Saturday, December 28, 2013

Learning about crops - Watermelons

I've grown watermelons for two years now.  In the first year (2011), we did the old tried and true method of letting the runners splay out wherever they please.  This past year, however, we trellised the watermelons.  I built an angled trellis out of 2x4's, 2x3's, conduit, and wire fence material.  Watermelon starters were planted at the base of the trellis with the vines trained upward.  I deliberately chose a smaller variety of watermelon that wouldn't put as much strain on the tendrils from the weight of fruit.  Once the fruit became sizable, I made a melon sling out of women's panty hose to help support the weight until it was time to pick.

Companion Plants
Companion plants for watermelons are the marigold (deters beetles), nasturtium (deters bugs and beetles), and oregano (general pest protection).

Growing Watermelons
Melons like nutrient-rich soil with a pH between 6.0 and 6.5.  General fertilizers work just fine.  They like an air temperature at least 65 degrees, warmer is preferable.  As you'd imagine by the plant name, they need a lot of water.  The plants double in size in the month of July. 

Insect Pests
Cucumber beetles typically prefer cucumbers and muskmelons, but they will occasionally feast on watermelons, too. Insecticidal soap is a safe, effective treatment for most cucumber beetle infestations. If you've endured major cucumber beetle attacks in the past, keep them from getting to your vines with row covers—just be sure to remove the covers when the vines begin to flower so that bees can pollinate them, which is necessary for the plant to set fruit. Spraying young plants with kaolin clay may deter beetles from feeding.

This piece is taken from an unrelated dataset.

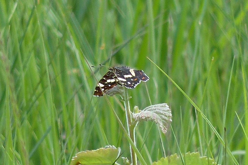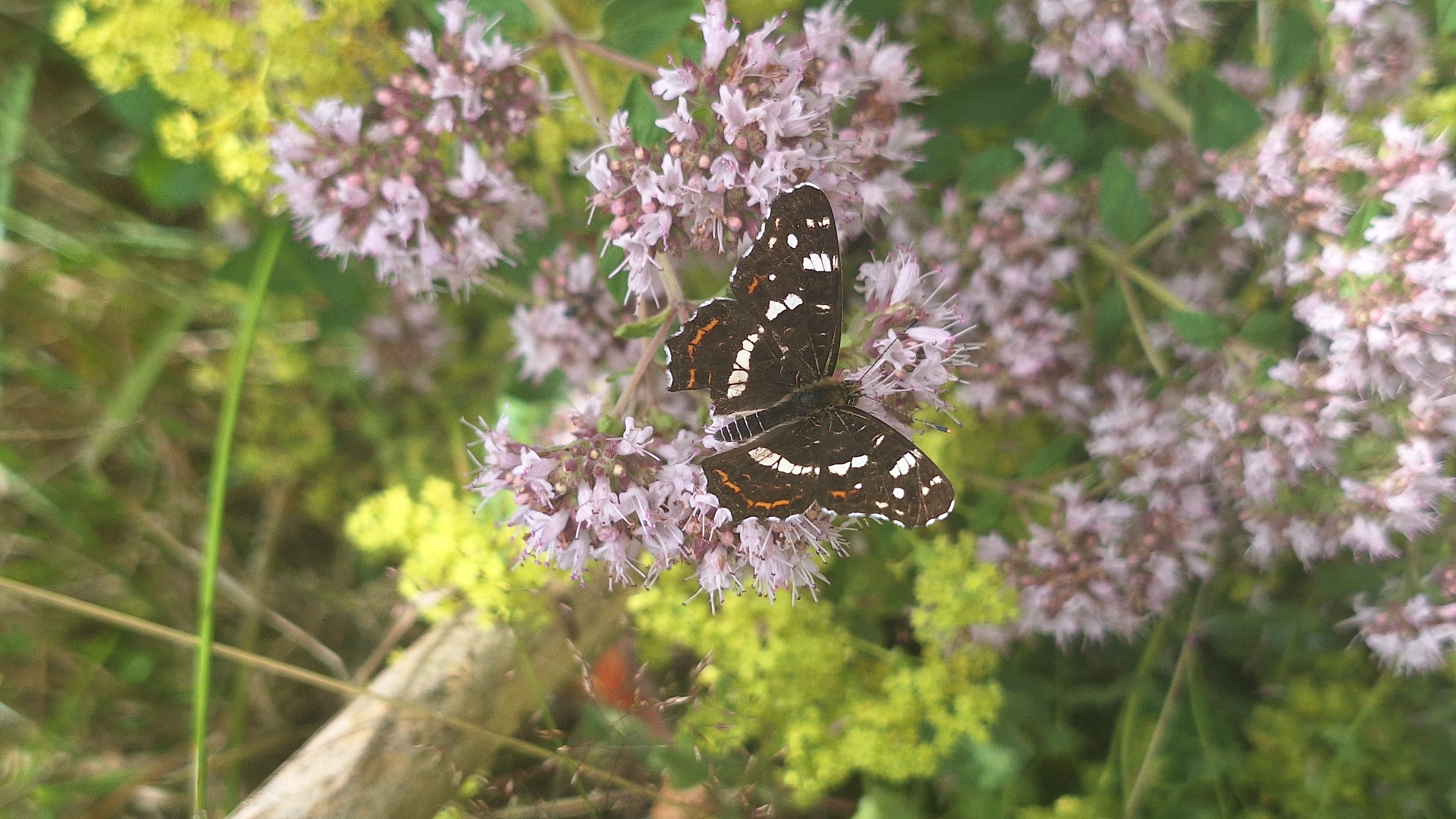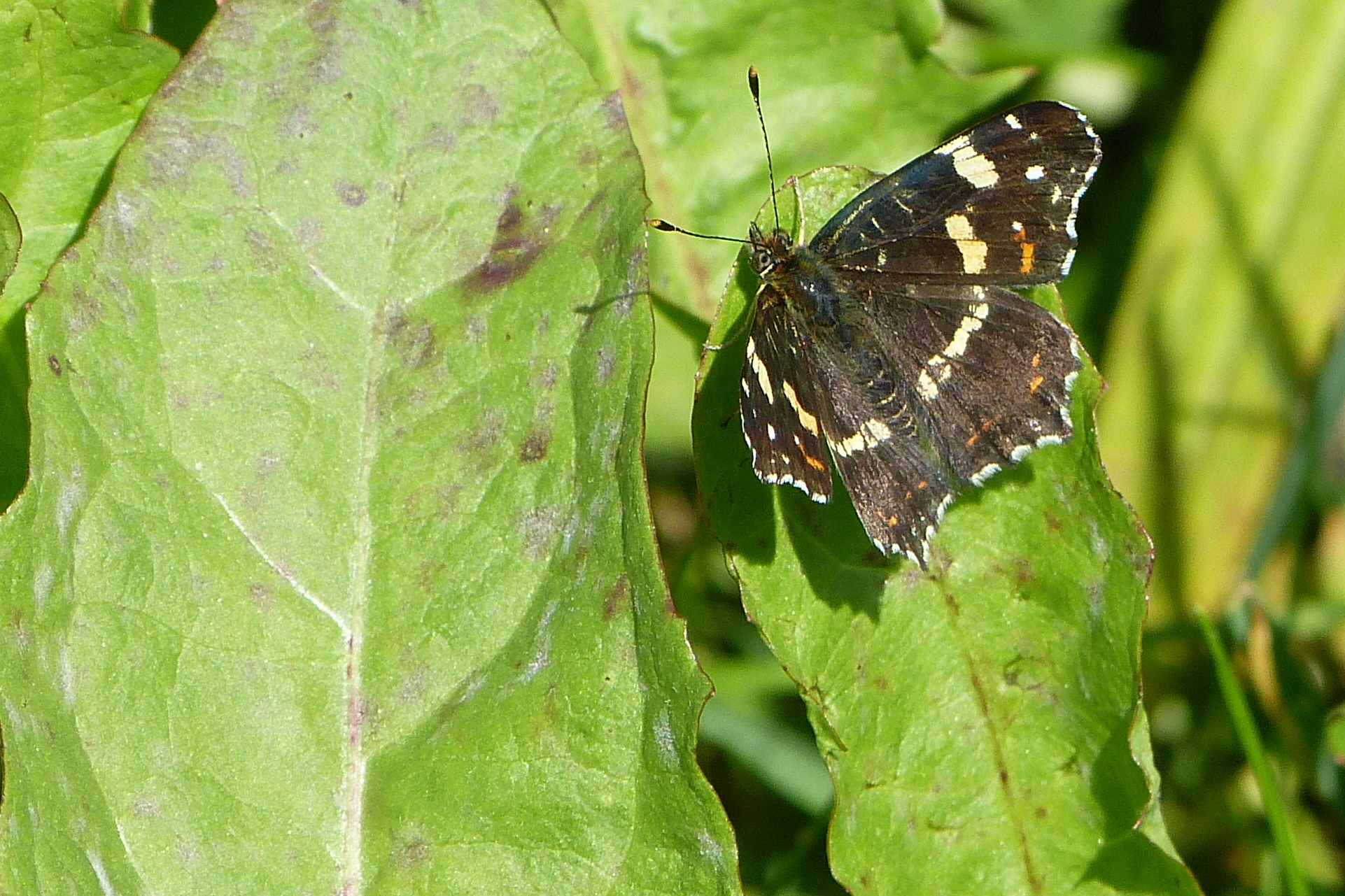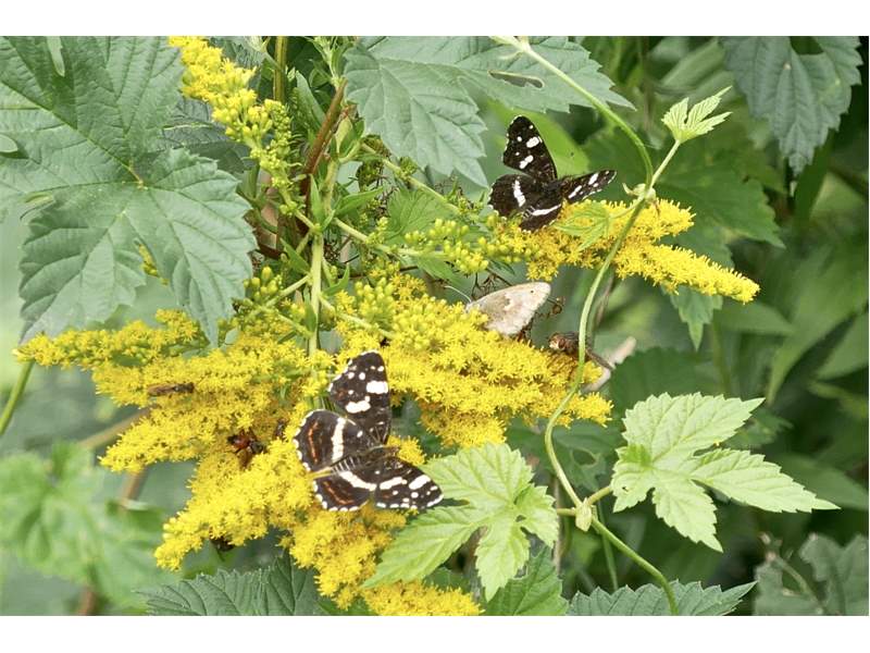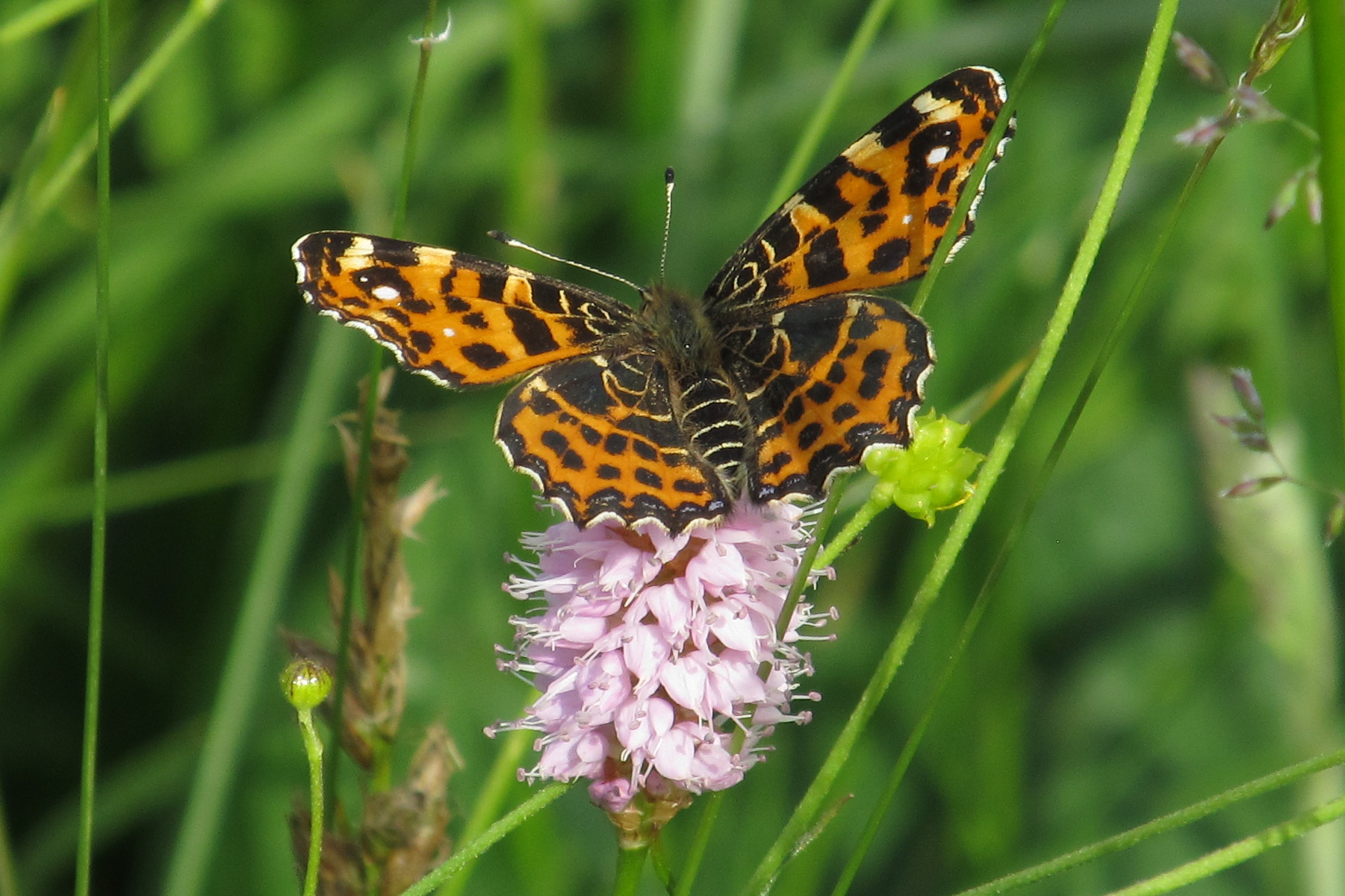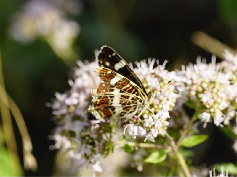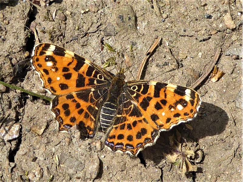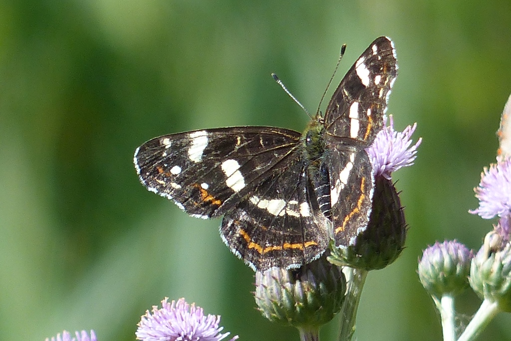 Landkärtchen, Sommergeneration der Schmetterlingsart auf Nektarspender Doldenblüte fotografiert, Falteroberseite im Sichtfeld, Ende Juni 2022, Auwald bei 06254 Horburg-Masslau (Sachsen-Anhalt) (© Heinz Sass)( Bild vergrößern)

Squash vine borer larvae tunnel into watermelon vines, chewing inner tissue near the base and filling the stem with moist, slimy castings. The attacked vines wilt suddenly and girdled vines rot and die.

From organicgardening.com
Squash vine borers, which are most damaging to winter squash, look like 1-inch-long white caterpillars. They tunnel into stems and can go undetected until a vine wilts. Keep a constant lookout for entry holes at the base of the plants, surrounded by yellow, sawdustlike droppings. Cut a slit along afflicted stems and remove and destroy the larvae inside, or inject the stems with Btk (Bacillus thuringiensis var. kurstaki). Hill up soil over the stem wounds to encourage the plant to sprout new roots there.

To prevent borer damage, keep an eye out for the adult borer, a wasplike orange-and-black moth; it lays eggs at the base of the stem in late June or early July in the North, or in April to early summer in the South. During these times, check the base of the stems and just below the surface of the soil regularly for very tiny red-and-orange eggs. Rub the eggs with your finger to destroy them.

How to Tell When a Watermelon is Ripe
Here are a few ways to tell when a watermelon is ripe.
  • The little tendril at the point of attachment turns brown and dries up. In some melon types, the tendril dries up a week before the melon is actually ripe.
  • Rinds of unripe watermelons have a shiny gloss.  Ripe melons don't have the shine so the rinds have a dull appearance.
  • The fruit produces a dull, muffled "thud" sound when thumped, rather than a sharp or metallic one.

Nutritional Information on Watermelons
Watermelons are a "good source" (10-19% of RDA) of Vitamin A.  There are also notable quantities of Lysine, Threonine, Tryptophan, Magnesium, Potassium, Copper, Manganese, Vitamin B6, Thiamin, Pantothenic Acid.